15. Data Cleaning with Pandas

Chapter 15 of 36 · 20 min

Common Cleaning Tasks

AI data pipelines require cleaning: missing values, duplicates, type conversions, outliers.

Missing Values

# Create sample data with missing values
data = pd.DataFrame({
    "text": ["Hello", "World", None, "AI", None],
    "score": [0.8, None, 0.5, 0.9, 0.7],
    "category": ["A", "B", "A", None, "B"]
})

# Check missing
print(data.isna().sum())

# Drop rows with any missing
clean = data.dropna()

# Drop rows missing specific columns
clean = data.dropna(subset=["text"])

# Fill missing values
data["score"].fillna(data["score"].median(), inplace=True)
data["category"].fillna("unknown", inplace=True)

Removing Duplicates

data = pd.DataFrame({
    "text": ["Hello", "Hello", "World", "AI"],
    "id": [1, 1, 2, 3]
})

print(data.duplicated())       # [False, True, False, False]
clean = data.drop_duplicates()

Type Conversion

# Check types
print(data.dtypes)

# Convert
data["score"] = pd.to_numeric(data["score"], errors="coerce")
data["text"] = data["text"].astype(str)

String Cleaning

df = pd.DataFrame({"text": ["  Hello  ", "WORLD!", "ai..."]})
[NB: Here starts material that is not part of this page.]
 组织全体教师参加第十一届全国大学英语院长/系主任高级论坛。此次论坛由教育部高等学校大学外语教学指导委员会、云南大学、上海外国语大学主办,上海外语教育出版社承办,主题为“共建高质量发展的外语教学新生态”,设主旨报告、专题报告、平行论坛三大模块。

df["text"] = df["text"].str.lower()
df["text"] = df["text"].str.strip()
df["text"] = df["text"].str.replace(r"[^\w\s]", "", regex=True)

print(df["text"])  # ["hello", "world", "ai"]

Chaining Operations

clean_df = (
    df.dropna(subset=["text"])
    .drop_duplicates()
    .assign(
        text=lambda x: x["text"].str.lower().str.strip(),
        length=lambda x: x["text"].str.len()
    )
)

Local verification checkpoint

Run the smallest example from this chapter in a local workspace and record the package version, runtime, data path, and observed output. If the result depends on model size, vector count, CPU/GPU backend, or available memory, note that constraint beside the exercise so the lesson remains reproducible.

Local verification checkpoint

Run the smallest example from this chapter in a local workspace and record the package version, runtime, data path, and observed output. If the result depends on model size, vector count, CPU/GPU backend, or available memory, note that constraint beside the exercise so the lesson remains reproducible.

EXERCISE

Given a DataFrame with columns ["name", "email", "score", "category"] containing missing values, duplicates, and mixed-case strings, clean it: drop missing emails, remove duplicate names, normalize text columns.